Because it's unverified, it's important I indicate that whenever the breach is described in the system. The first place you'll see that is on the homepage as it's within the top 10 breaches loaded into the system in terms of size:
The next is that if you search for an email address and it appears in an unverified breach, there'll be an indicator in the description. Now this isn't possible with Badoo because being a dating site it's also flagged as "sensitive" which means you can't search for it publicly. However, those who've subscribed to HIBP's free notification service can still view everything they've been pwned in by following the link in the email they receive when signing up (you can come back and do this even if you're already subscribed):
Because it's there in the description of the incident, anyone who appears in the data breach and receives an email notification will see a clear explanation of the unverified nature of the data with a link through to this blog post. The point is that I want to ensure at every possible opportunity, the unverified status of the data is made perfectly clear.
I put a lot of thought into how to handle this incident and that combined with reaching out to so many HIBP subscribers in the data set has meant loading it all the month after it originally appeared. One of the key factors driving this approach is that even if not all the data is accurate and some of it doesn't align with what Badoo holds in their system, this is people's personal data floating around the web and they want to know about it.
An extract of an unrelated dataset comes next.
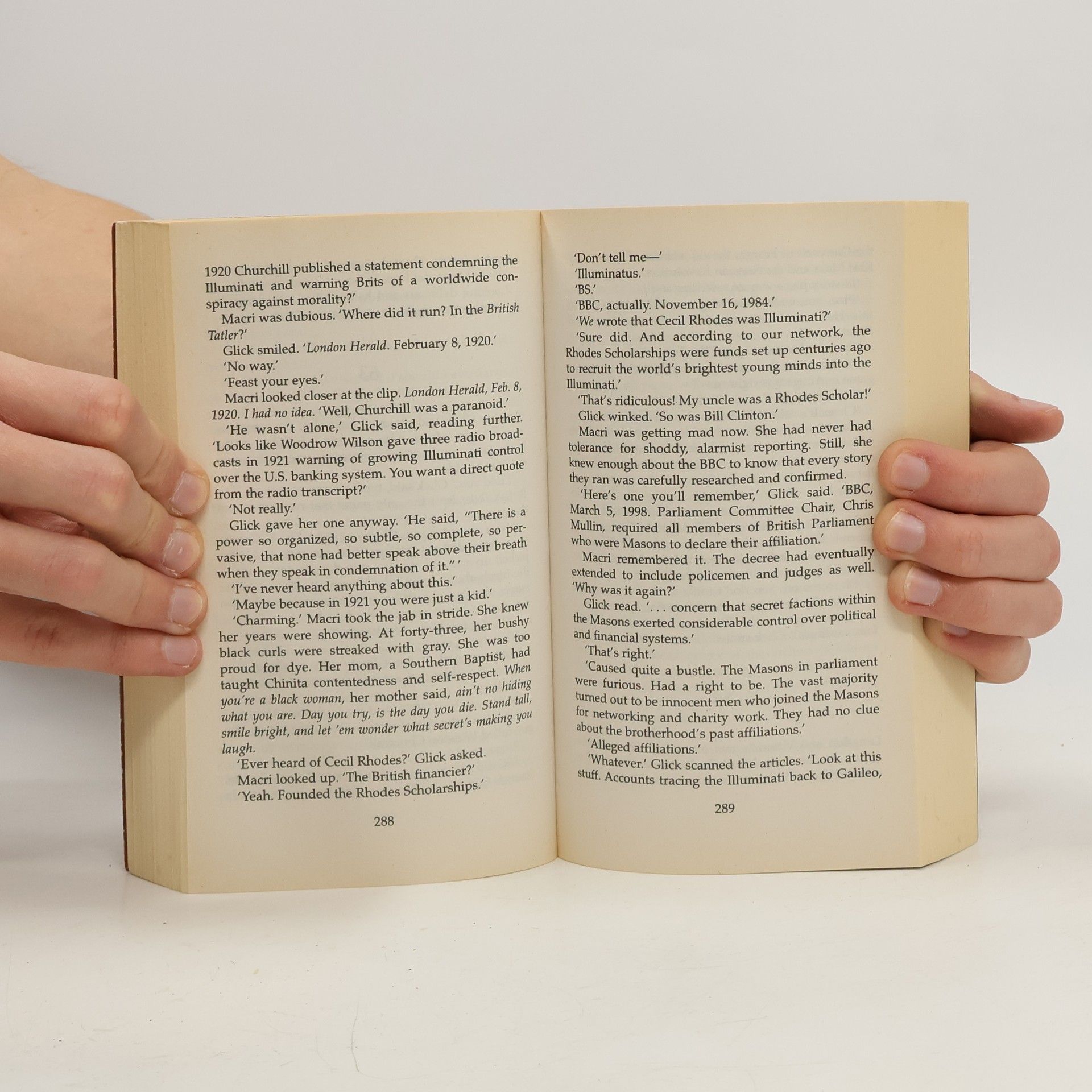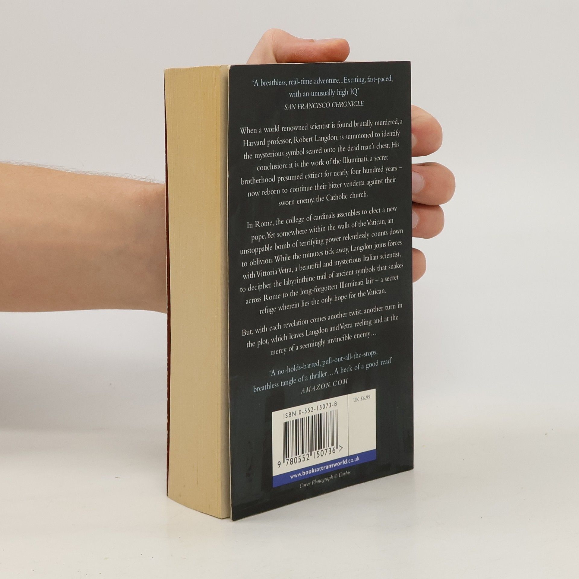 When a world renowned scientist is found brutally murdered in a Swiss research facility, a Harvard professor, Robert Langdon, is summoned to identify the mysterious symbol seared onto the dead man's chest. His baffling conclusion: it is the work of the Illuminati, a secret brotherhood presumed extinct for nearly four hundred years - reborn to continue their bitter vendetta against their sworn enemy, the Catholic church. In Rome, the college of cardinals assembles to elect a new pope. Yet somewhere within the walls of the Vatican, an unstoppable bomb of terrifying power relentlessly counts down to oblivion. While the minutes tick away, Langdon joins forces with Vittoria Vetra, a beautiful and mysterious Italian scientist, to decipher the labyrinthine trail of ancient symbols that snakes across Rome to the long-forgotten Illuminati lair - a secret refuge wherein lies the only hope for the Vatican. But with each revelation comes another twist, another turn in the plot, which leaves Langdon and Vetra reeling and at the mercy of a seemingly invisible enemy... --back cover

There is certainly a threshold beneath which I won't load a "breach" regardless of how many people are in there - I still need to have a sufficient degree of confidence in it - but that's a judgement decision I'll have to make on a case by case basis.
I harp on about this but it's really important: dealing with data breaches responsibly at every turn is really, really important. Misrepresenting a data breach without doing sufficient research to establish legitimacy would be reckless and makes an already bad situation worse. This process isn't always easy, but it's the right thing to do and whilst I doubt my position on this will have much influence over the data breach handling industry in general (for want of a better term), hopefully it demonstrates that there are ways of handling these incidents that can act in the best interests of all involved.